In recent years, the transition from inhibition of aberrant protein function to specific degradation of desired proteins with Proteolysis Targeting Chimeras (PROTACs) has resulted in remarkable progress and is currently affecting a paradigm shift in drug discovery and therapy development. PROTAC approach has allowed quick expansion of the “druggable proteome” beyond proteins that bear distinct functional sites responsible for their respective mode of action. By avoiding high drug doses and acting via novel mechanisms, PROTACs show promise as therapeutic candidates for disease phenotypes that display resistance to conventional inhibitors.
Despite tremendous advancements outlined, current PROTAC approaches may still have undesired effects because the systemic application can affect untargeted tissue, a disadvantage shared with traditional inhibitor-based therapeutics. Therefore, alternative PROTAC methods capable of degrading these POIs have emerged, including RNA-PROTAC, oligonucleotide-based PROTAC, and TRAFTACs (transcription factor-targeting chimeras). In addition, new PROTAC formation models have been expanded, including light-controllable PROTACs (e.g., photoswitchable PROTACs, Photo-Cage PROTACs) and CLIPTACs (In-cell click-formed proteolysis targeting chimera).
By merging the strategies of photopharmacology and small-molecule degraders, scientists introduce a novel concept for persistent spatiotemporal control of induced protein degradation that potentially prevents off-tissue toxicity. Building on the successful principle of bifunctional small-molecule PROTACs, they designed photoswitchable PROTACs (photoPROTACs) by including azobenzene linkers between both warhead ligands. PhotoPROTACs technique offers reversible on/off switching of protein degradation that’s compatible with an intracellular environment and, therefore, could be useful in the experimental exploration of biological signaling pathways—such as those crucial for oncogenic signal transduction. Additionally, this strategy may be suitable for therapeutic intervention to address a variety of diseases.
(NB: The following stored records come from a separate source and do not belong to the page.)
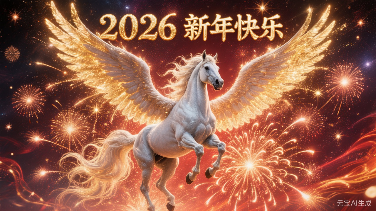 2026年新年来了,生成一张红色的飞马图像。以这个为基础写个生成图像的提示词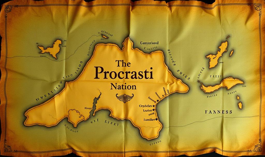 An old treasure map of an island nation labelled “The Procrasti Nation”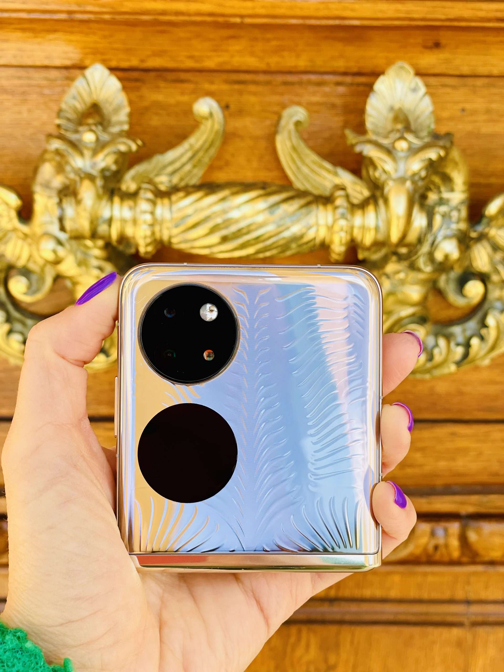 HUAWEI P50 Pocket strălucește la specificațiile tehnice dar ce atrage cel mai mult este look-ul glam. Este un telefon cu ecran pliabil de tip clamshell (cu clapetă), cu o carca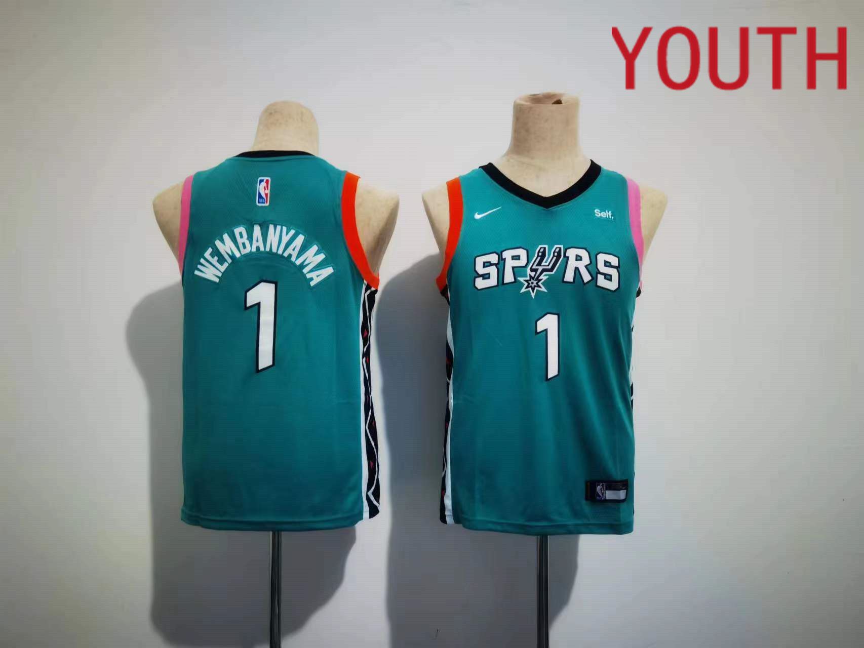 Youth San Antonio Spurs #1 Wembanyama Nike Green City Edition Swingman NBA Jersey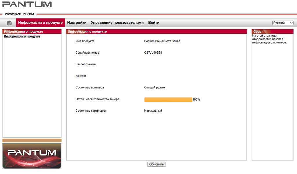 Кстати, принтер поднимает в сети свой WEB-сервер, доступный по IP-адресу. Там можно отслеживать состояние принтера, картриджа, и управлять настройками — в том числе, настроить доступ к серверам FTP или SMB. Настройки немного кривоваты (и русификация местами страдает), но если всё сделать правильно, то сканировать на принтере можно без участия компьютера или смартфона — результат будет сразу отправлен на сервер в виде PDF-файла.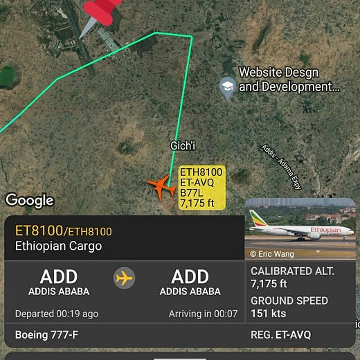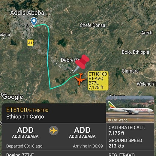 The first of the flights was only two days after Ali’s visit, on 20-21 Aug 2021, and made an intermediate stop at Addis Ababa Bole Airport. Later flights occurred on 25 Aug 2021 and on 24 Sep 2021. All of these flights were operated by Ethiopian Airlines, which was recently linked to weapons transports by CNN.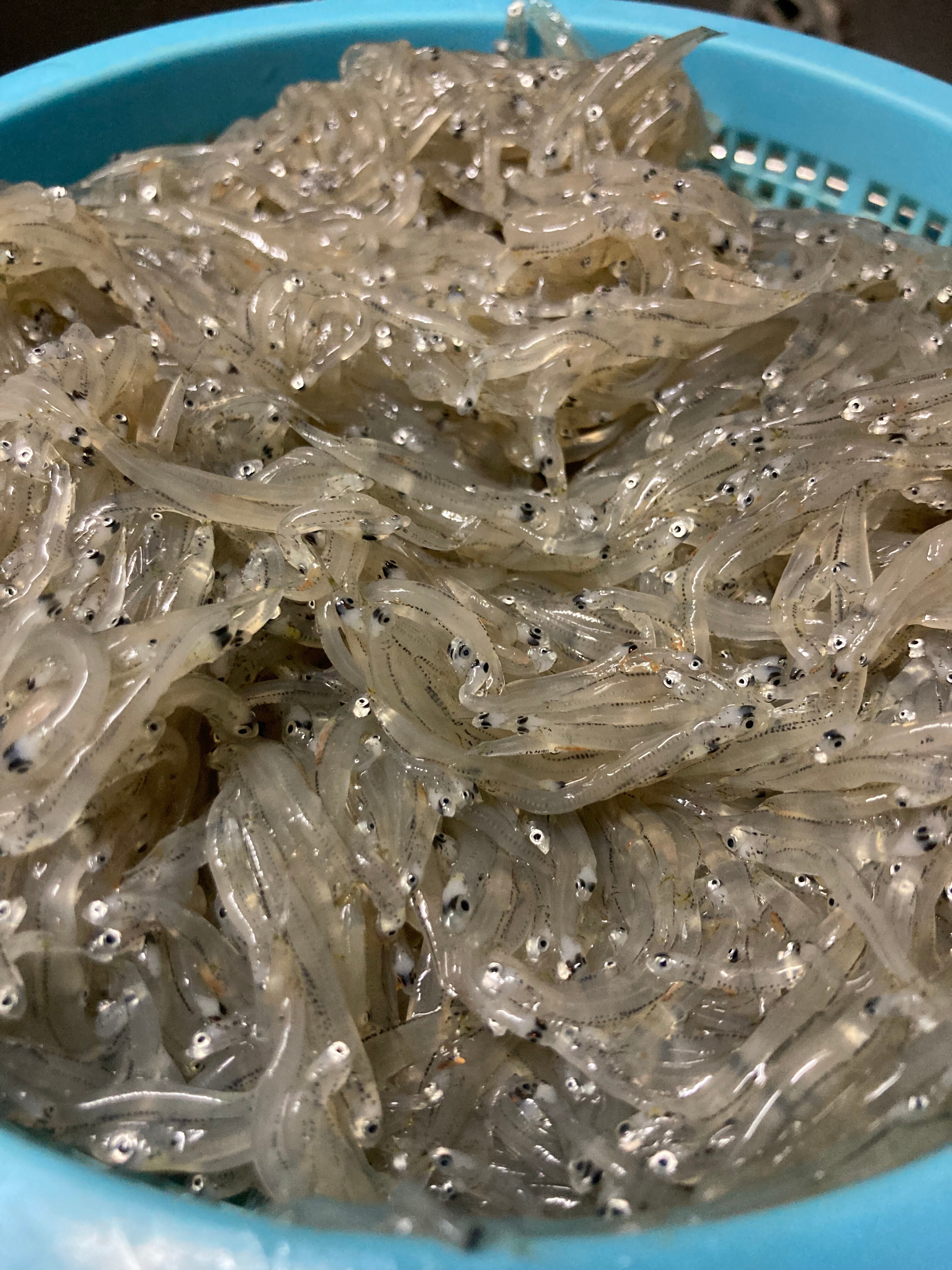 本日、大磯松道丸さんから貴重な今朝獲れ生しらす入荷致しました。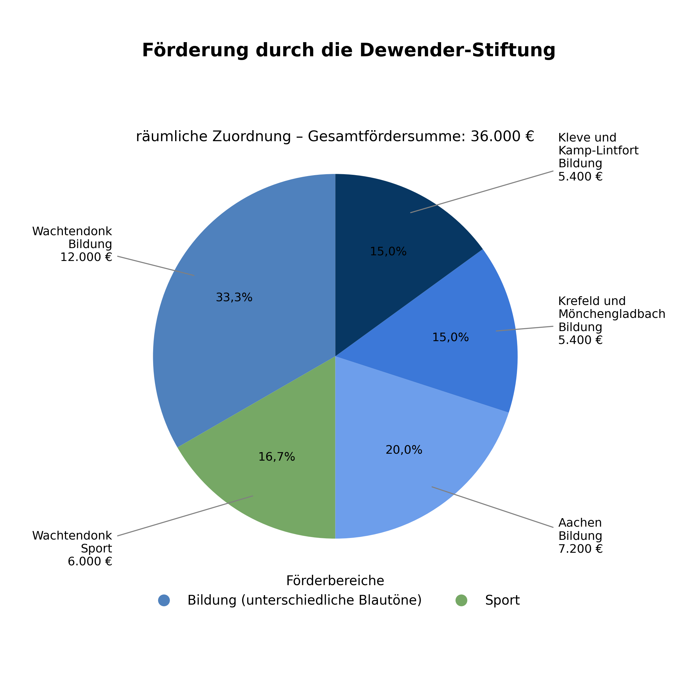 Mit einem Kapital von 1,35 Milionen Euro und einem jährlichen Fördervolumen von 36.000 EUR zählt die Dewender-Stiftung am linken Niederrhein zu den stärkeren Akteuren.

RNA-PROTACs are new chimeric structures that mediate the proteasomal degradation of RNA-binding proteins (RBP). They comprise an E3-recruiting peptide conjugated to a short-modified RNA, which is iso-sequential with the native binding element to which the RBP binds in cells. RNA-PROTACs offer a fast, rational, and general approach to targeting an entire class of protein (RBPs) that has proven difficult until today to target pharmacologically.
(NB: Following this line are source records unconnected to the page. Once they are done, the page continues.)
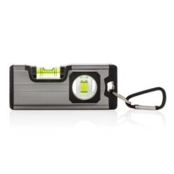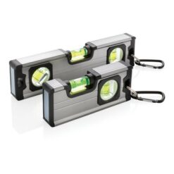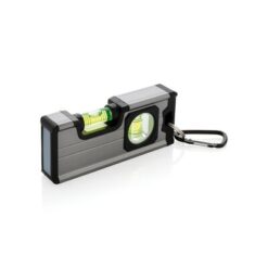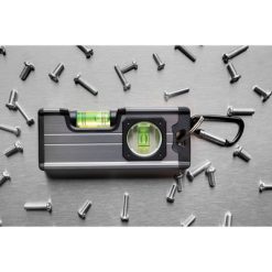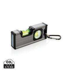 Poziomica, długość 12 cm, 2 płaszczyzny pomiaru, obudowa wykonana z aluminium, wbudowany magnes, z karabińczykiem, ślad węglowy produktu: 2,73 kg CO2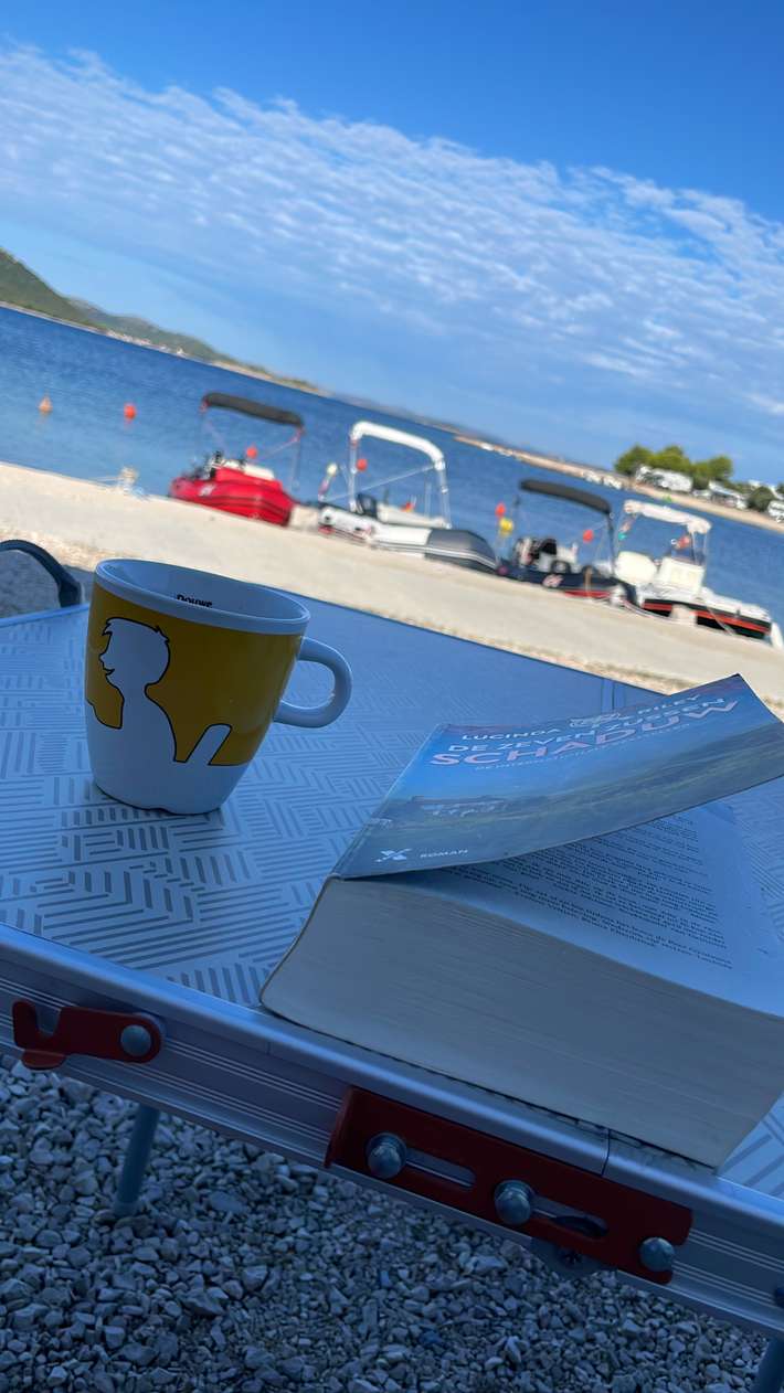 In den ruhigen Bucht direkt am Meer - mit Schotterterrassen - leicht abfallend - alle Orte auf dem Meer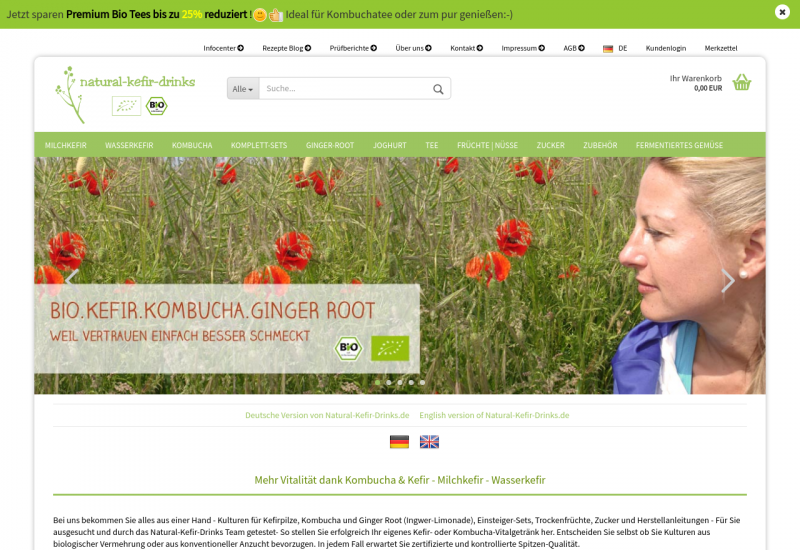 Bei uns bekommen Sie alles aus einer Hand - Kulturen für Kefirpilze, Kombucha und Ginger Root (Ingwer-Limonade), Einsteiger-Sets, Trockenfrüchte, Zucker und Herstellanleitungen - Für Sie ausgesucht und durch das Natural-Kefir-Drinks Team getestet- So stellen Sie erfolgreich Ihr eigenes Kefir- oder Kombucha-Vitalgetränk her. Entscheiden Sie selbst ob Sie Kulturen aus biologischer Vermehrung oder aus konventioneller Anzucht bevorzugen. In jedem Fall erwartet Sie zertifizierte und kontrollierte Spitzen-Qualität.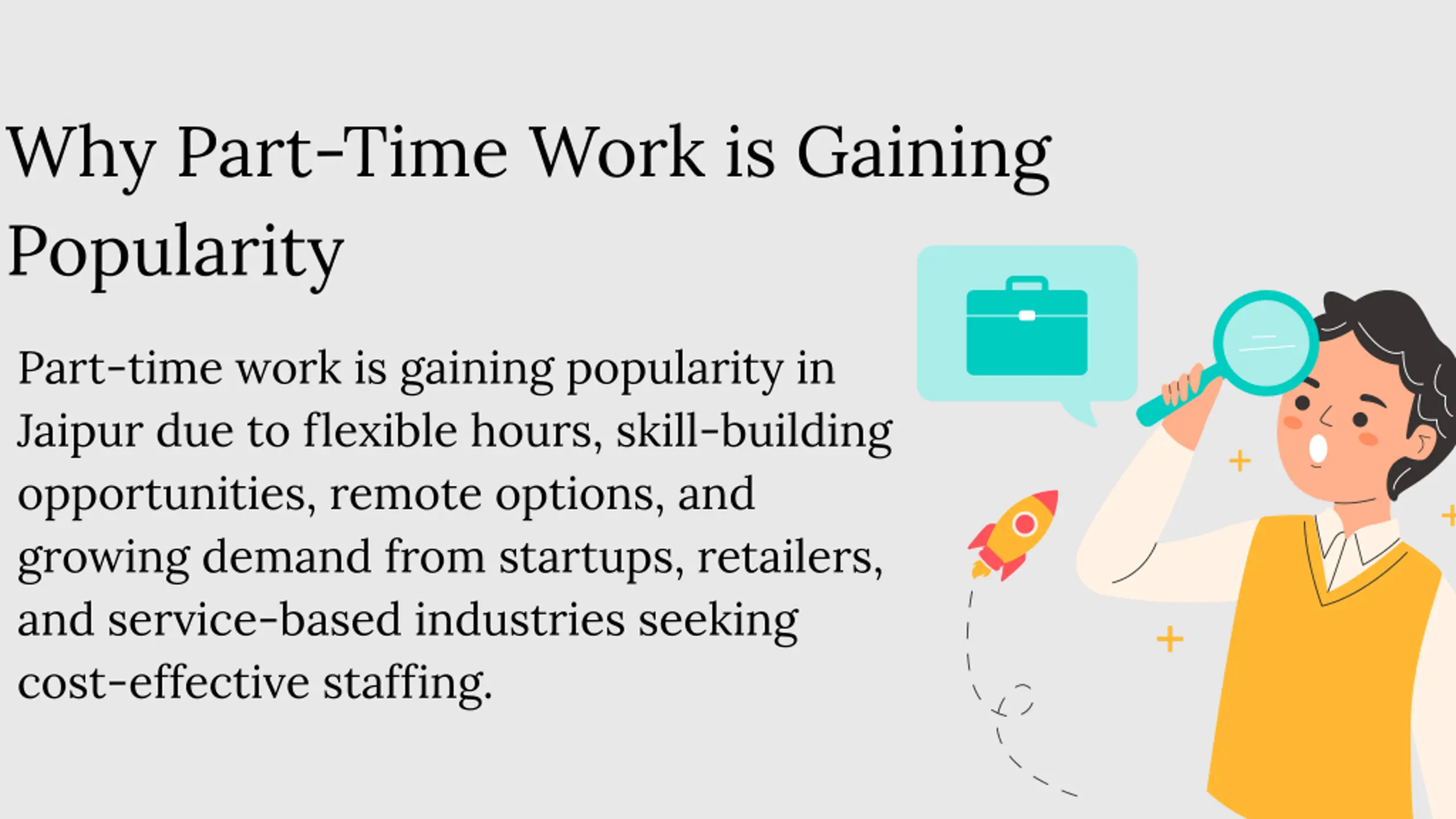 Why Part-Time Work is Gaining Popularity Part-time work is gaining popularity in Jaipur due to flexible hours, skill-building opportunities, remote options, and growing demand from startups, retailers, and service-based industries seeking cost-effective staffing.

Transcription factor-targeting chimeras (TRAFTACs) consist of a chimeric oligonucleotide that binds to both the transcription factor of interest (TOI) and HaloTag-fused dCas9 protein, which can induce TOI degradation. Oligonucleotide-based PROTACs (O'PROTACs) not only can serve as a research tool but also can be harnessed as a therapeutic arsenal to target DNA binding proteins for effective treatment of diseases such as cancer.
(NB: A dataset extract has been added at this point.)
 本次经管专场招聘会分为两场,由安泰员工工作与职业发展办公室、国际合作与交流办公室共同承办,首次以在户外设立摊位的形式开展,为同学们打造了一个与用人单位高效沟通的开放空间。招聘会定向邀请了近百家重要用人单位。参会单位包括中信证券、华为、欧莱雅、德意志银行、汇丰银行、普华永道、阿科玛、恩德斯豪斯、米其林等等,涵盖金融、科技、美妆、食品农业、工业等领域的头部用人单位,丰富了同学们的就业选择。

CLIPTACs (In-cell click-formed proteolysis targeting chimeras)
Conventional PROTAC has a high molecular weight, which may limit its cellular permeability and solubility. CLIPTAC (in-cell click-formed proteolysis-targeting chimeras) was developed to overcome the limitation. The main potential advantage of CLIPTAC is a significant reduction of the molecular weight and polar surface area of the separate reaction partners compared to the pre-assembled PROTAC molecule.
Although the traditional PROTACs are expected to become an important method for certain target classes, some POIs do not possess the required small molecule binding sites. The emergence of alternative PROTAC technologies can overcome some limitations of the classical PROTAC model. Many emerging PROTAC-based technologies such as RNA-PROTACs and Photoswitchable PROTACs have also expanded the scope of PROTAC development, providing more feasible potential strategies for the clinical treatment of related diseases. Although they are in their infancy and may have some critical issues that need to be resolved, they pointed out the main direction of targeted protein degradation in the future.